A well-designed and engineered system will eliminate most challenges and negative experiences following construction. Some parking areas lend themselves better to solar installation than others so there can be vast differences in output and savings. While the efficiency of each system varies based on footprint, seasonal solar direction, and voltage capacity, there are factors that should be applied to all systems to help boost productivity.
A permanent attachment with structural steel is the safest option, especially during stormy conditions. Situating the solar arrays atop parking areas as an upper deck canopy allows green spaces to remain intact and provides tenants with the added benefit of covered parking during inclement weather. Covered parking also reduces snow removal efforts and the use of salt and chemicals, further protecting the surrounding ecosystem, and keeps tenant vehicles protected from the elements.
The upper deck canopy enhances storm water management efforts, allowing rainwater to be harvested more efficiently. The array can be strategically angled to direct the water from rain and melting snow into a gasketing system installed around the periphery. Water is then funneled directly into the storm water management system rather than dripping between the panels of the array onto commuters and their cars. Water can be stored in a cistern system and treated to be used on site for landscaping needs, factoring into the building’s overall storm water management strategy.

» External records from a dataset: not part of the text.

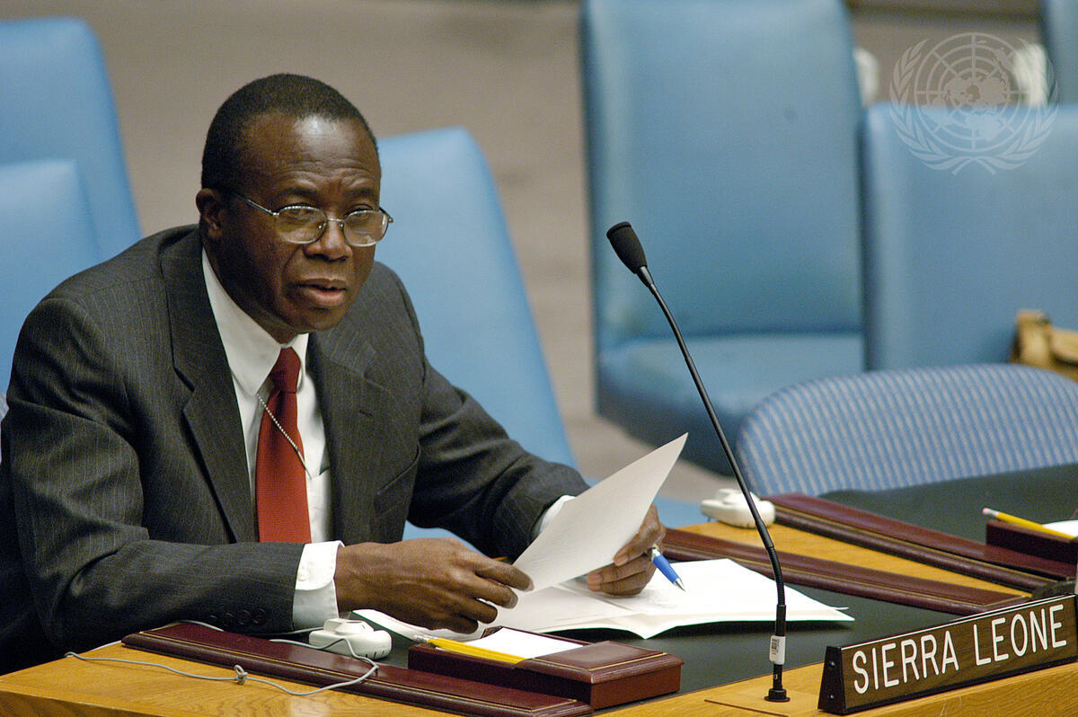 Joe Robert Pemagbi, Permanent Representative of Sierra Leone to the United Nations, addresses the Security Council meeting on the situation in Sierra Leone, today at UN Headquarters. He noted that today's meeting marked an important milestone in the history of United Nations peacekeeping.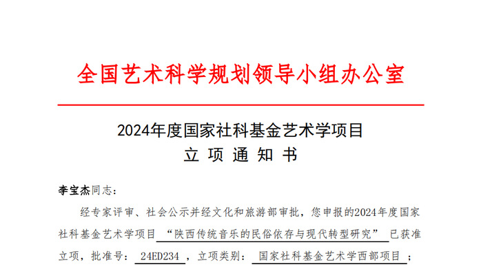 近日,文化和旅游部科技教育司、全国艺术科学规划领导小组办公室正式公布了2024年度国家社科基金艺术学项目立项名单,我校李宝杰教授及其团队申报的《陕西传统音乐的民俗依存与现代转型研究》获批西部项目(立项号:24ED234)。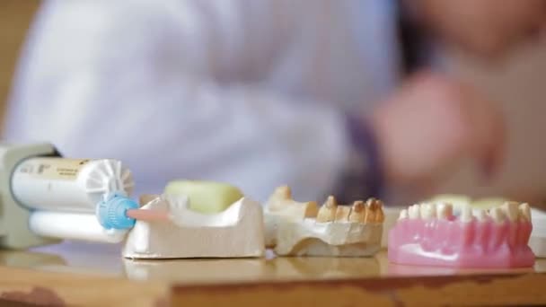 Zdjęcie "Widok boczny protezy stomatologicznej przygotowanej dla pacjenta. W tle pacjent czeka na operację protezy stomatologicznej.." może być wykorzystywane do celów osobistych i komercyjnych zgodnie z warunkami zakupionej licencji Royalty-free. Obraz jest dostępny do pobrania w jakości wysokiej rozdzielczości do 5760x3840.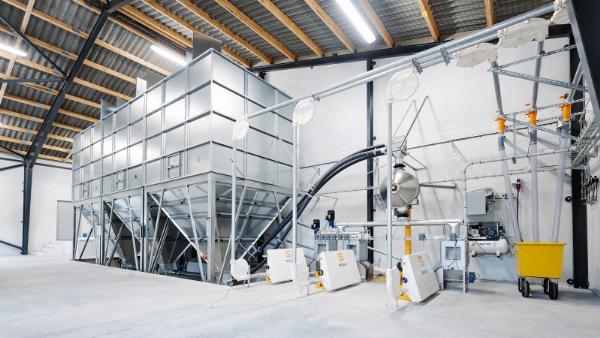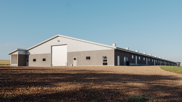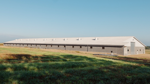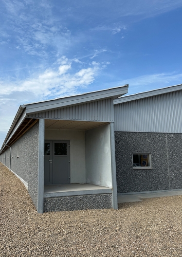 Byggeriet er opført i sandwichelementer med tag i trægitterspær, mens foderladen er med stålspær.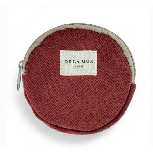 Monedero redondo con cremallera en la parte superior y pequeña asa de cordón de color beige en el lateral. Con tejido grueso de terciopelo granate. Cada articulo puede tener una variación en el estampado, dependiendo de donde se haya efectuado el corte de la pieza. Forrado de tejido grueso de color gris en la parte interior.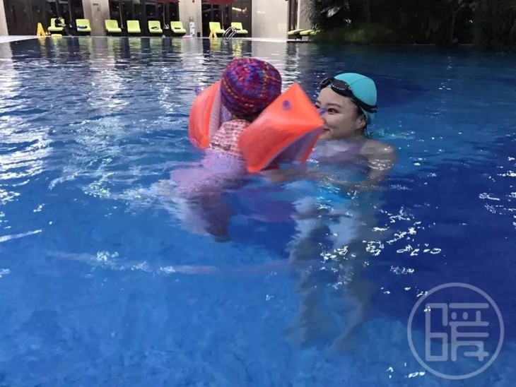 ▽2017年5月,去莫干山,快5岁的暖暖仍然穿着这套最喜欢的红色星星款泳衣。我们在恒温泳池里玩了一下午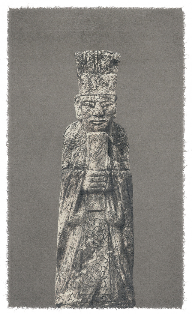 윤 작가는 우리 선조들의 욕망이 담긴 석인, 석장승을 단순히 사료적인 목적뿐만 아니라 예술 작품으로 승화시키기 위한 매체로 전통한지 위에 담아냈다. 모노톤 위의 한지에 자연스레 서있는 듯한 석인, 석장승의 모습은 우리 선조들과 함께 오랜 세월 꿋꿋하게 버텨온 굳센 의지와 더불어 가장 한국적인 아름다움을 동시에 선사한다.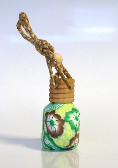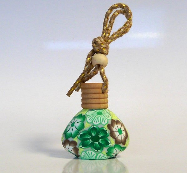 Joli flacon en verre avec bouchon bois pour diffuser le parfum de façon harmonieuse, à suspendre dans la voiture (au rétroviseur par exemple). Peut être utilisé également dans une armoire ou tout autre endroit à parfumer.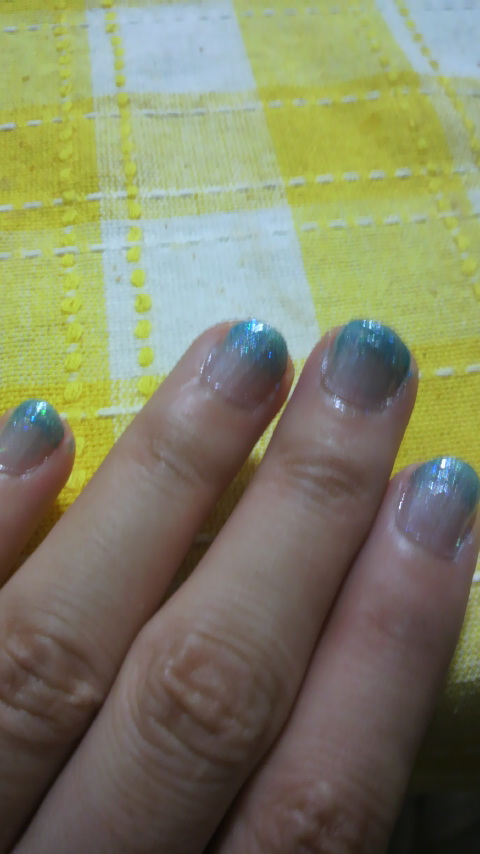 せっかくかわいいグラデのマニキュア買ったんだけど、長い爪に耐えられず、切っちゃったのと生来の不器用さがでて、なんとも残念な感じに。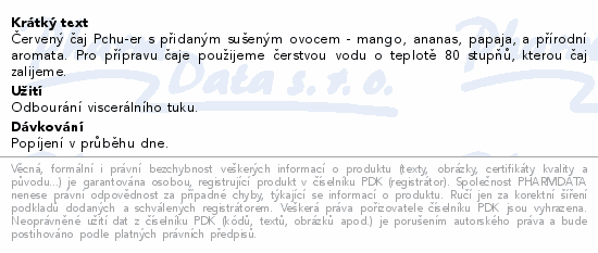 Červený čaj Pchu-er s přidaným sušeným ovocem - mango, ananas, papaja, a přírodní aromata. Pro přípravu čaje použijeme čerstvou vodu o teplotě 80 stupňů, kterou čaj zalijeme.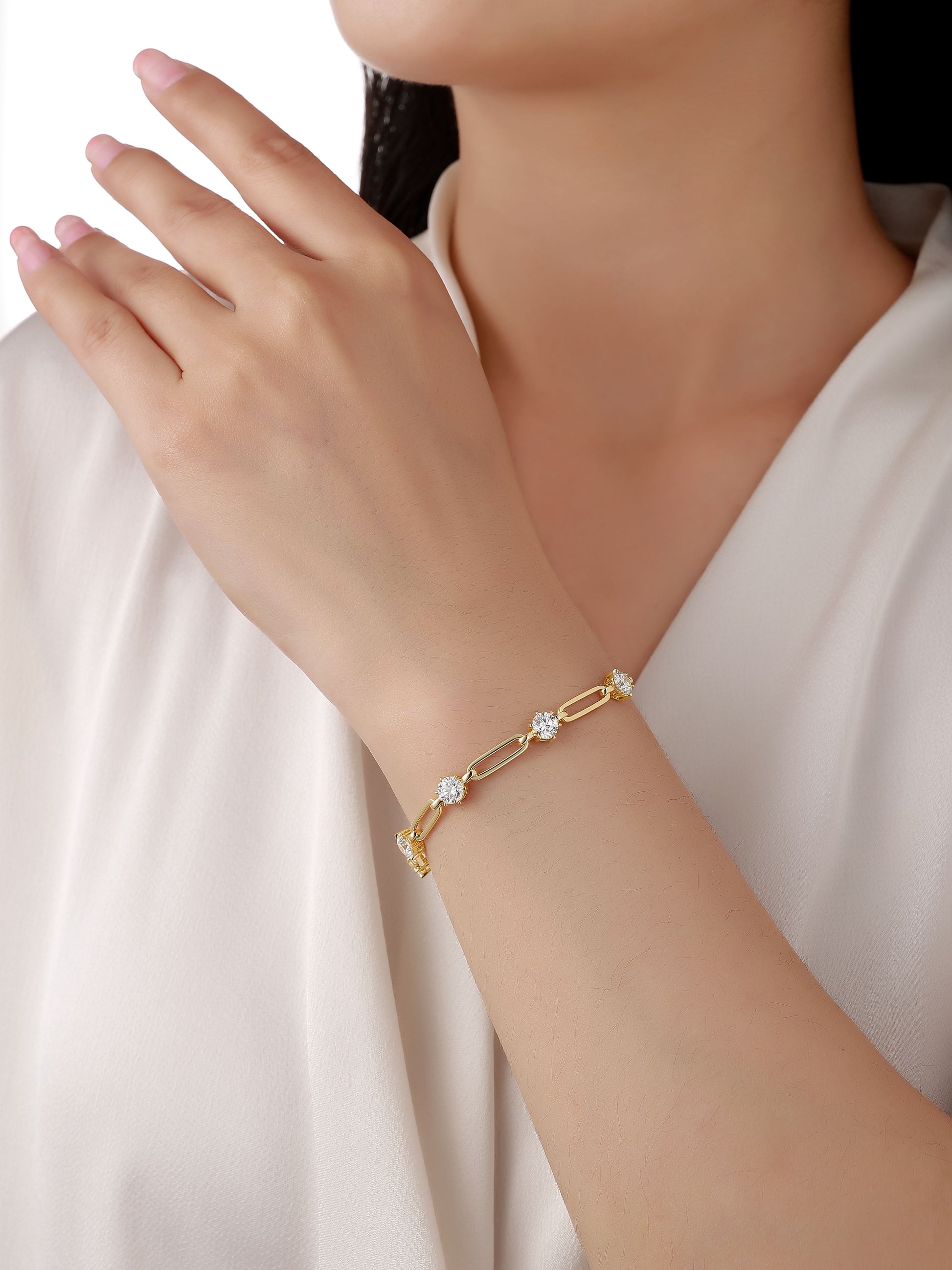 Lab grown 9ct yellow gold brilliant cut lab grown diamond in six claw setting and paper- link bracelet with alternating links and parrot clasp fastener.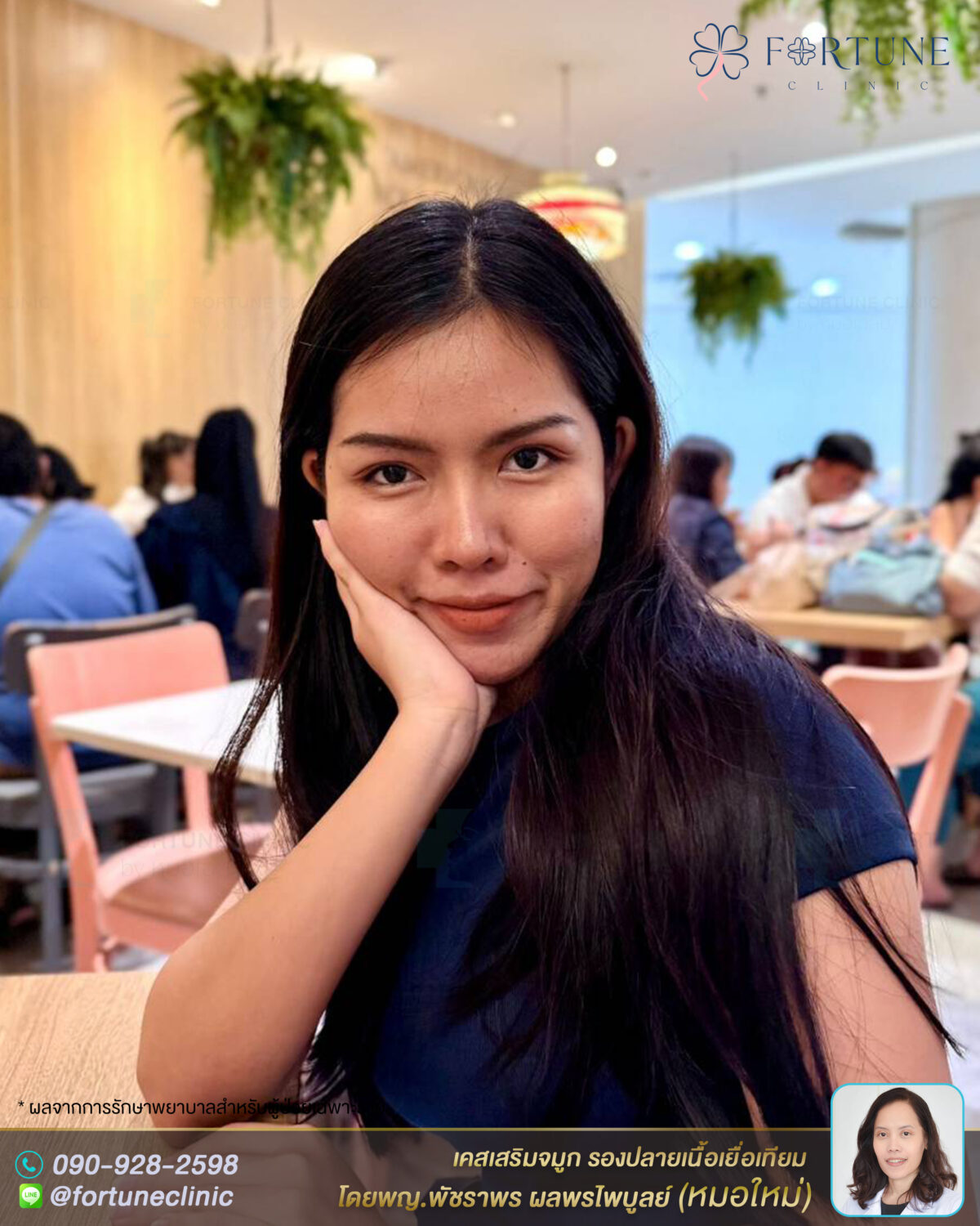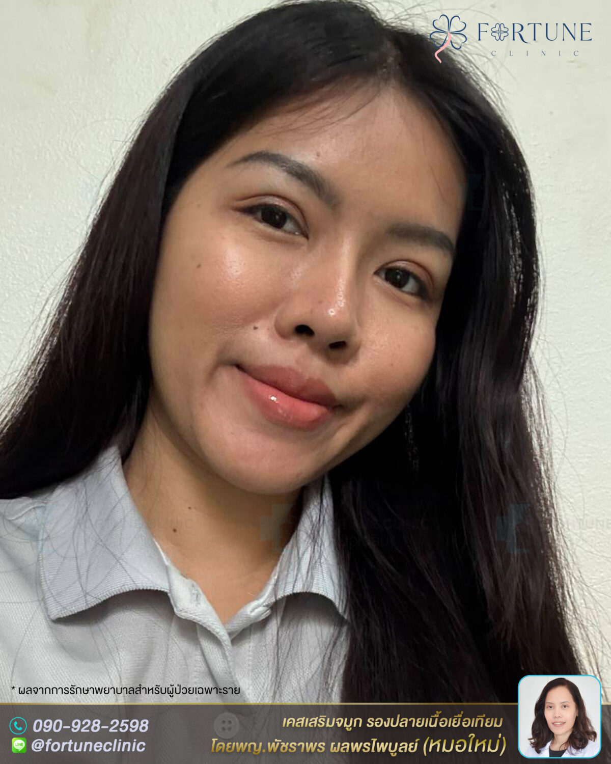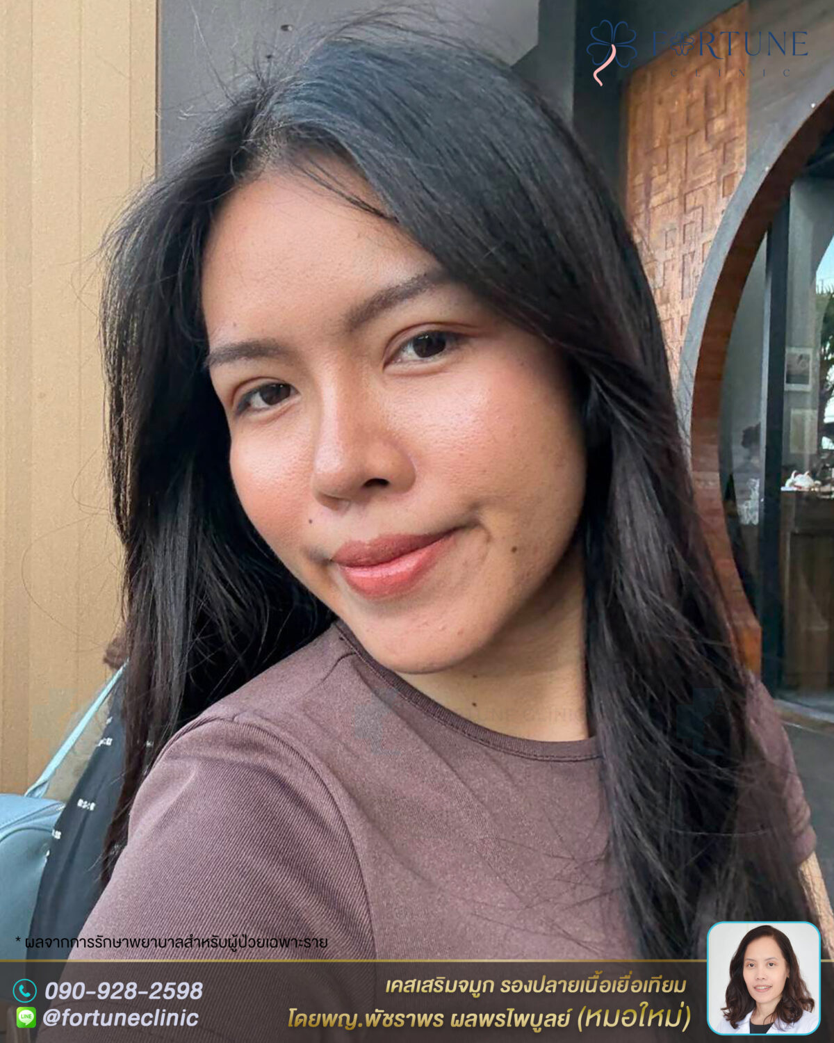 เดิมเป็นเคสเนื้อน้อย ผิวหนังบาง สันจมูกน้อยมาก สันหัวตาหักเว้าลึก ทำให้ใบหน้าดูแบนไม่มีมิติ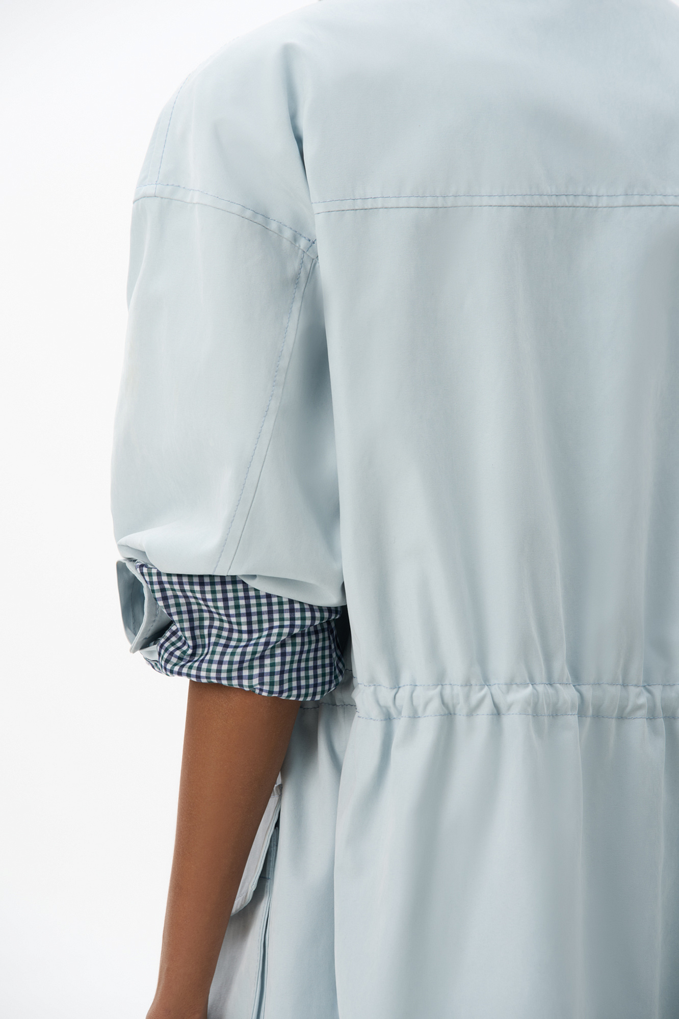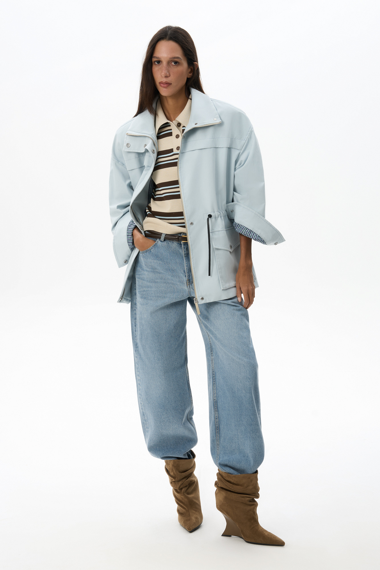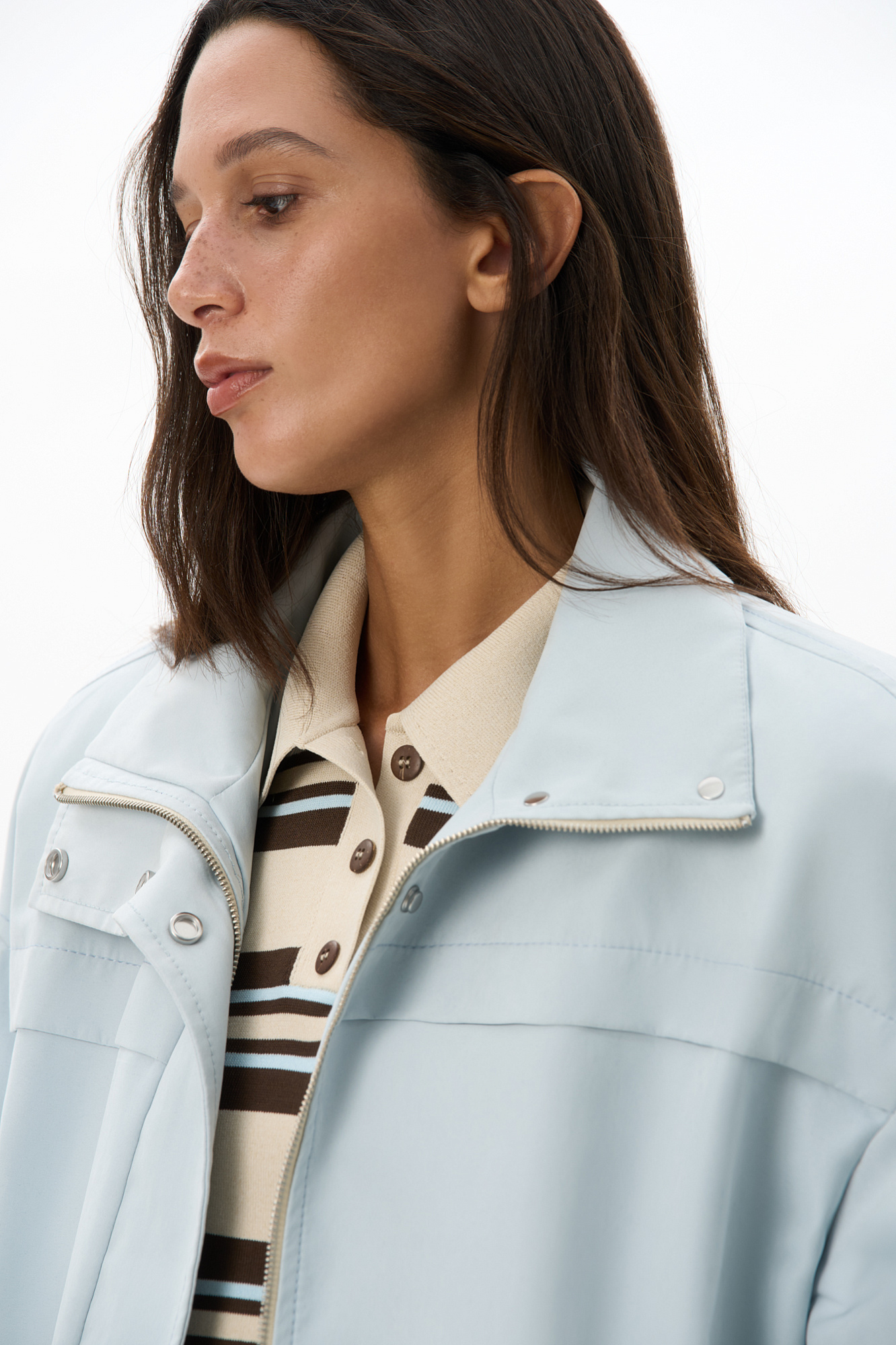 Парка, выполненная из плащевой ткани. Модель свободного силуэта с высоким воротником-стойкой, подплечниками, карманами с клапанами и регулируемой кулиской на талии. Застежка на молнию и магнитные кнопки на планке. Изделие выполнено на подкладке.

After installation, each array is commissioned and checked to assure it is running as efficiently as planned. Monitors built into each array report performance on an hourly basis via a dashboard and immediately detect any malfunctions. The inclusion of optimizing equipment can remotely fix most problems. On the rare occasion a panel on the array needs replacement, staff electricians can easily and quickly replace it. Since even miniscule scratches can affect module operation, maintenance should be limited to necessary repairs only. The arrays themselves are essentially self-cleaning; rainwater is sufficient for keeping them clean.
Arrays are designed to withstand extreme cold temperatures, strong winds, and heavy snow pack. During a typical New England winter, the design is such that snow does not linger long. The deep blue-black color of the array, combined with the power of sunlight, gathers heat to efficiently melt the snow. A very harsh winter with little sunlight will, of course, reduce energy production.